*DATA*.
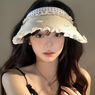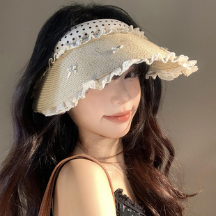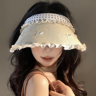 新款 优雅气质太阳帽子 平顶草帽女夏海边出游遮阳防晒帽藤井树同款
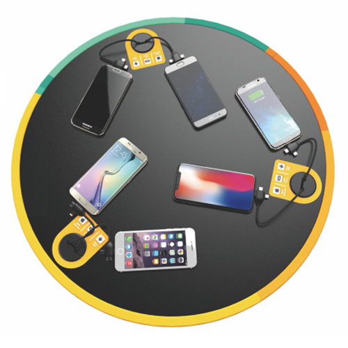 La sua base dispone di 6 cavi (in nylon) di ricarica, ogni uno dei quali ha 3 prese di ricarica (Micro USB, Apple MFI Lightning e Type C), potendo così ricaricare tutti gli smartphone/dispositivi presenti nel mercato attuale.
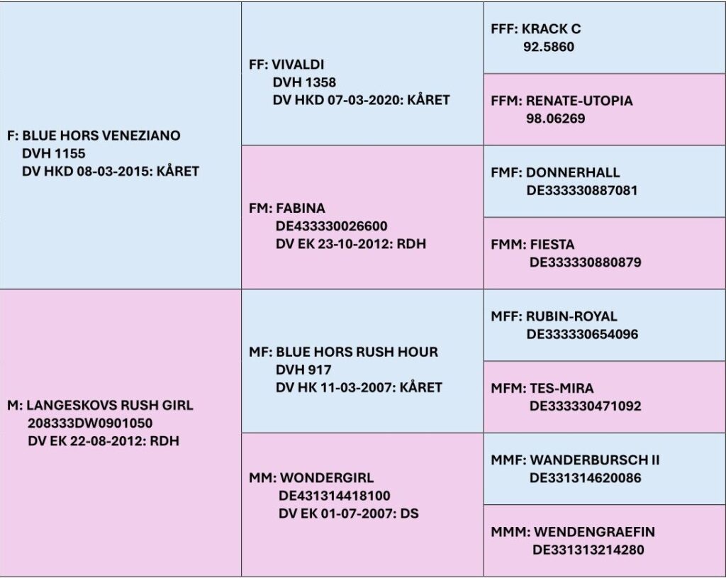 Langeskovs Vincent er efter den anerkendte Blue Hors Veneziano, der har sat sit præg på dansk og international dressur med sine elegante bevægelser og ridelighed. Hans morfar, Blue Hors Rush Hour, er kendt for at give afkom med kraftfuld galop, god takt og en stærk, harmonisk type. Denne kombination giver Vincent både naturlig balance, energi og et stort bevægelsespotentiale i alle tre gangarter.
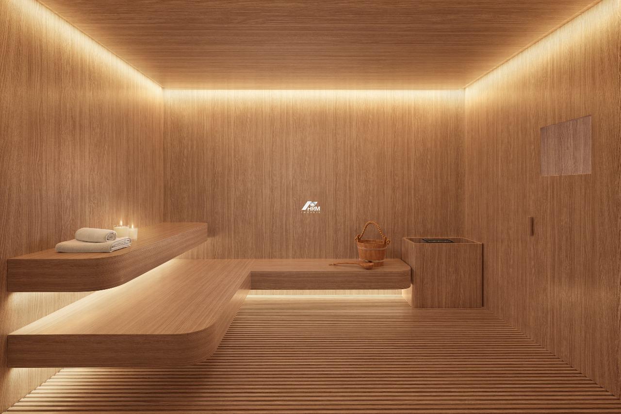 O empreendimento conta com 31 pavimentos, sendo 23 de apartamentos e apenas 2 unidades por andar. A estrutura de lazer soma 1.400m², com opções distribuídas no mezanino e rooftop, incluindo piscina adulta, infantil e térmica, spa, academia, brinquedoteca, playground, sala de jogos, salão de festas, espaço gourmet, bar, snack bar, coworking, boliche, sauna seca e úmida, quiosque, cozinha do chef e poolbar. A infraestrutura ainda contempla bicicletário, zeladoria, guarita de segurança, monitoramento por câmeras, acesso por biometria, 3 elevadores (1 de emergência), gerador de energia nas áreas comuns, som ambiente e preparação para automação em todos os espaços coletivos.

*EXERCISE BRIEF*. Return the data verbatim, leaving out the pictures it holds.

*TASK RESPONSE*.
 新款 优雅气质太阳帽子 平顶草帽女夏海边出游遮阳防晒帽藤井树同款
 La sua base dispone di 6 cavi (in nylon) di ricarica, ogni uno dei quali ha 3 prese di ricarica (Micro USB, Apple MFI Lightning e Type C), potendo così ricaricare tutti gli smartphone/dispositivi presenti nel mercato attuale.
 Langeskovs Vincent er efter den anerkendte Blue Hors Veneziano, der har sat sit præg på dansk og international dressur med sine elegante bevægelser og ridelighed. Hans morfar, Blue Hors Rush Hour, er kendt for at give afkom med kraftfuld galop, god takt og en stærk, harmonisk type. Denne kombination giver Vincent både naturlig balance, energi og et stort bevægelsespotentiale i alle tre gangarter.
 O empreendimento conta com 31 pavimentos, sendo 23 de apartamentos e apenas 2 unidades por andar. A estrutura de lazer soma 1.400m², com opções distribuídas no mezanino e rooftop, incluindo piscina adulta, infantil e térmica, spa, academia, brinquedoteca, playground, sala de jogos, salão de festas, espaço gourmet, bar, snack bar, coworking, boliche, sauna seca e úmida, quiosque, cozinha do chef e poolbar. A infraestrutura ainda contempla bicicletário, zeladoria, guarita de segurança, monitoramento por câmeras, acesso por biometria, 3 elevadores (1 de emergência), gerador de energia nas áreas comuns, som ambiente e preparação para automação em todos os espaços coletivos.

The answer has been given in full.